The new West End landscape needs new thinking, enticing new patrons to boldly show where they have never shone before.
During one (and only one) Incoming of a West End show, a young couple walked up to me, and ‘The Boyfriend’, speaking for both of them, said: “Excuse me, Sir, we’ve never been to the theatre before and we don’t really know where we should go, or what to do.”
I nearly hugged them. They were treated like visiting dignitaries for the remainder of their visit. And I’ll lay money that this wasn’t their last visit to a show.
Flashforward twenty years and I received a call from the Association of Youth Clubs asking if they could purchase 80,000 tickets for our West End productions for youngsters who had no experience of theatre-going. The scheme had been generously financed by the National Lottery, and we not only provided the tickets (at a greatly reduced rate) but held pre-show and interval events with cast members to make this introduction to theatre land more special for our new entrants. They learnt that theatres were not daunting bastions of the privileged few. We learnt how strange some of our practices were to young newcomers (for instance, some of our young guests had thought the three minute bell was a fire alarm ringing and started looking for the nearest exit).
Flashforward another decade or so and I’m attending an RSC production of one of Shakespeare’s greatest plays at The Barbican, accompanied by a former member of the wonderful Mousetrap Foundation, who have been introducing young people to the magic of theatre for decades. At the after-show party, one of the stars of the show came over to talk to my guest. He’d been one of the young people who Mousetrap had helped along the way, and now he was receiving phenomenal reviews (and subsequently awards) as one of the RSC’s brightest new stars. What a result!
But what about the forty-year-old theatre virgins? Or thirty-something gig-uninitiated? The millions who are missing out on fabulous life-affirming experiences simply because they never gave it a go? Or those who’ve tried something once, had a bad experience, and never dipped their toes back in the water? What are the live entertainment chapters of The Business of Pleasure doing to try and get these non-attenders and lapsed attenders back into the saddle?
I remember one of my first marketing budget meetings, where I made the schoolboy error of referring to the money we were ‘spending’ on promoting our productions when I should by rights have said ‘investing.’ And I’m pretty sure that, were I to propose a subsidy scheme to get new entrants to try shows and concerts for the first time, this nominal reduction of revenue would be called ‘losses,’ when these should also be called ‘investments.’ Of course, if every ticket for every performance or event is one hundred percent certain to be sold it becomes a slightly more difficult argument. But if you’re really riding that high, what’s the problem in investing some of your current bounty in your future audience?
When I’ve suggested this in the past, the first reaction tends to be: how can we know they’re first-timers and not just free-loaders? The same core of clued-up show-goers who jump on every discount bandwagon? What would a theatre or concert (or gallery and attraction) Virginity Test entail? It would probably look very similar to high-profile ticket lottery, where you weed out repeat applications to prevent speculation. Only the screening question(s) would involve asking:
“Why the applicant hasn’t been to a performance/event before -or in a long time?”
And…
“What makes them feel that they want to try it now?”

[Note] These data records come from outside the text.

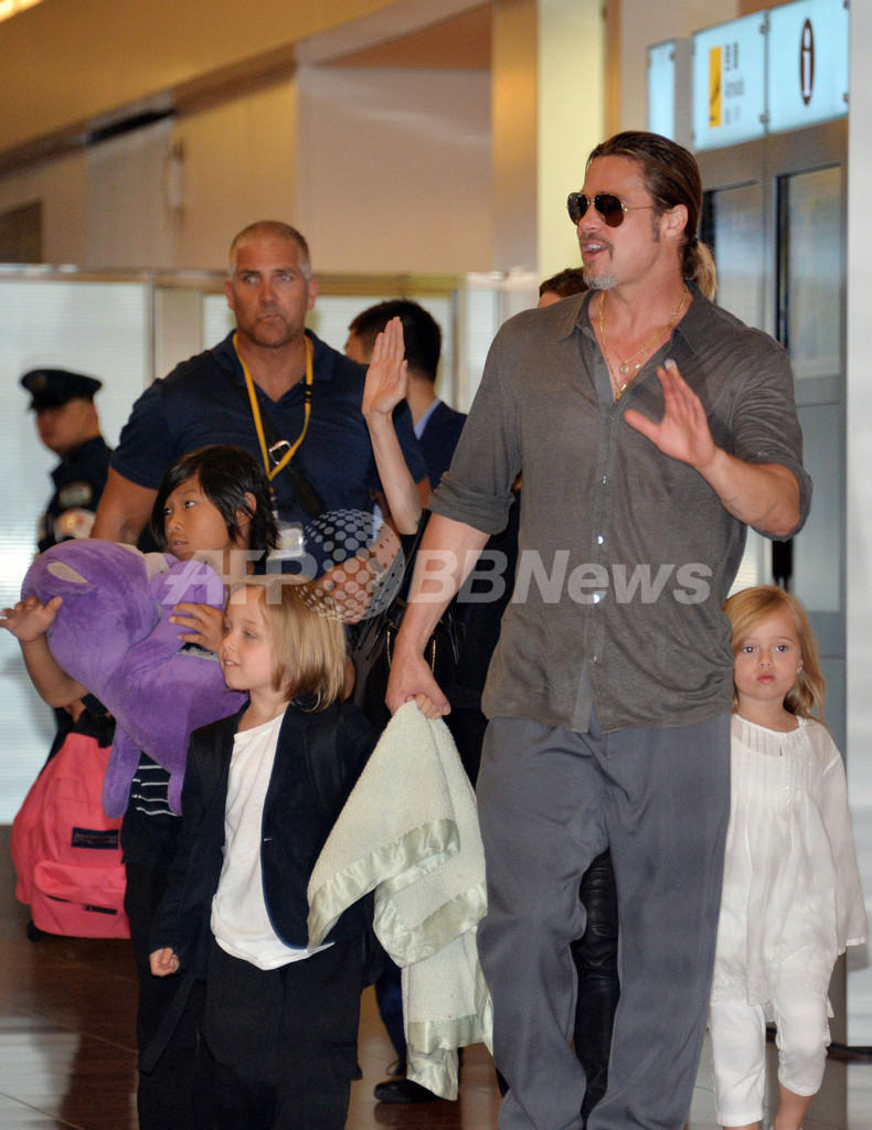 【7月29日 AFP】米俳優ブラッド・ピット(Brad Pitt)とそのパートナーで女優のアンジェリーナ・ジョリー(Angelina Jolie)が28日、ピット最新主演映画『ワールド・ウォーZ(World War Z)』のプロモーションのために来日した。東京・羽田空港(Haneda International Airport)に降り立ったピットとジョリーは子どもたちを引き連れ、出迎えたファンたちに笑顔で応えた。(c)AFP
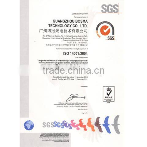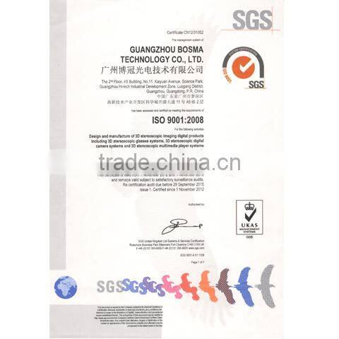 We are a leading 3D imaging solution provider and equipment manufacturer, with years of research in the fields of active shutter glasses, naked eye display, IR and wireless transmission, multi-view with wireless sound/voice integration, etc.; all products are manufactured strictly under ISO 9001:2008 & ISO 14001:2004 standards, and certified with CE, FCC, RoHS, REACH and PAHs by SGS.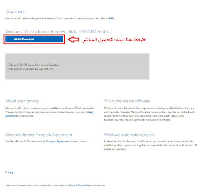 والان قد انتهينا من بدء عملية تحميل ويندوز 11 بصيغة الايزو من موقع مايكروسوفت الرسمي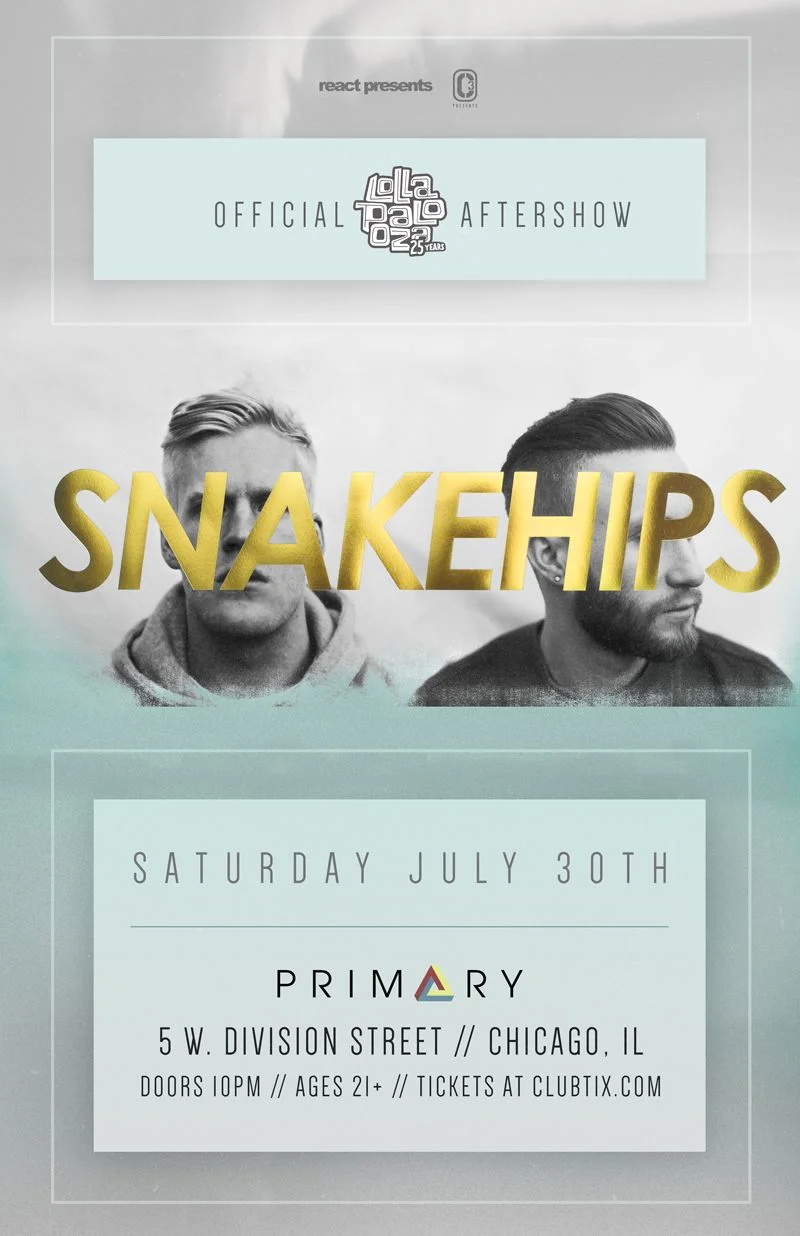 July 30: Snakehips Saturday, July 30, 2016 10:00 PM 11:59 PM 22:00 23:59 Primary 5 W. Division St. Chicago, IL (map) Google Calendar ICS View fullsize Doors: 10:00PM | $20.00-25.00 | 21+Official Lollapalooza After Party | React Presents & C3 Presents: Snakehips BUY TICKETS

The second reaction to my suggestion tends to be:
“Will these new entrants, seduced by reduced/zero prices, ever return as full-price theatre and concert-goers?”

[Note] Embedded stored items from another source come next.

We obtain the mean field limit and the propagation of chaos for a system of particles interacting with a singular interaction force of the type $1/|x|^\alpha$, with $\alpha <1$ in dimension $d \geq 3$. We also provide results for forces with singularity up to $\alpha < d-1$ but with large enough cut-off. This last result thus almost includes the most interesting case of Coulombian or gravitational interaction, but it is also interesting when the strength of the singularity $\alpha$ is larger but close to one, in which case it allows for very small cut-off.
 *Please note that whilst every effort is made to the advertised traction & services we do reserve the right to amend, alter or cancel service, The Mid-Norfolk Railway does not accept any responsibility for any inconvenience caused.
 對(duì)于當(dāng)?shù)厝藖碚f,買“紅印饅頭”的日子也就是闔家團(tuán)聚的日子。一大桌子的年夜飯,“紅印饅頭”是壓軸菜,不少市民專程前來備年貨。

I would take an educated guess at this point and say that a percentage will return, and percentage, frankly, won’t. What decides the split will, I believe, the way in which we treat them during their visit. At the first ever SOLT marketing group meeting for ‘Get Into London Theatre,’ the LDA/Mayor-of-London-backed scheme to restore theatre audiences post 9/11, I listened to my colleagues around the table discussing the finer points of the promotion before questioning the whole premise of the scheme. Surely the point wasn’t to just lure patrons back through our doors, but to seize this once-in-a-lifetime opportunity to showcase just how wonderful a trip to the West End could be, from start to finish, and every step along the way? To really wow them with what we do and how we do it? A deafening silence followed my suggestion. Until the most influential member of the group spoke up and said that they totally agreed with me. If we build it, they will come is not good enough in situations like this. We must ‘build it’ so that they come back …again and again and again.”